Golf rounds increase nationally in 2015 for first time since 2012
Mild fall and winter weather in much of the U.S. contributed to an increase in rounds played in 2015, the National Golf Foundation announced.
Total U.S. rounds were up 1.8 percent last year compared with 2014, the first increase since 2012, according to an NGF report. Milder weather in colder regions of the country played a big role in boosting the final annual numbers. Rounds played in October-December jumped by 12 percent from the previous year, lifting the final 2015 tally.
Many course operators also told the NGF that an improving economy helped boost rounds played.
We didn't have a golf course contract in the United States since probably 2006. We've got seven or eight this year. We've got a lot of work coming on this year. . . . I think golf's made a turnaround. I think the game is coming back.
Jack Nicklaus
Paid rounds were down about 1 percent on the Grand Strand, according to statistics compiled by marketing cooperative Myrtle Beach Golf Holiday, and the area did not benefit from October weather as other parts of the country did. Record rainfall and flooding hit the area early in the month.
NGF also believes committed golfers are playing more frequently, as research shows average rounds played per golfer have steadily increased since 2003, with the country’s approximate 25 million golfers averaging just shy of 20 rounds played last year.

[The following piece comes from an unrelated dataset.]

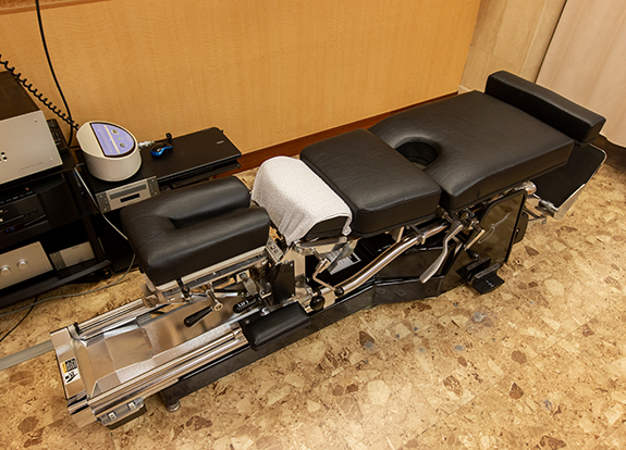施術室設置されているベッドは、頭部の位置や胸部・腹部の角度、高さなどを自在に動かすことができる電動式のカイロプラクティック専用のものです。

NGF research also found course closures continued to outpace openings in 2015, with a net reduction of 148.5 courses, or a 1 percent contraction from 2014, leaving approximately 14,300 18-hole equivalent courses. There were 177 permanent closures and only 17 new courses opened in 2015, the NGF reported, but that was up from 11 openings in 2014.
Since 2006, the number of golf course closures has outpaced the number of openings each year, which is considered a market correction, though the total supply has diminished only about 5 percent, the NGF says.
There is an increased interest in new golf projects however, according to course designer Jack Nicklaus. He said last week that he has more than a half-dozen contracts to build new courses in the U.S., his first domestic contracts for new courses in about a decade. He and other architects have instead had design projects in Asia, the Caribbean, Latin America and elsewhere.
“We've got a lot of work coming on this year, and most all of it is new work, which is amazing to me,” Nicklaus said. “When the economy went south in the United States, [we had] the opportunity to go to China, go to Russia, go to the Middle East, go to New Zealand, Australia, South America, places that we normally wouldn't go.
“I think golf's made a turnaround. I think the game is coming back.”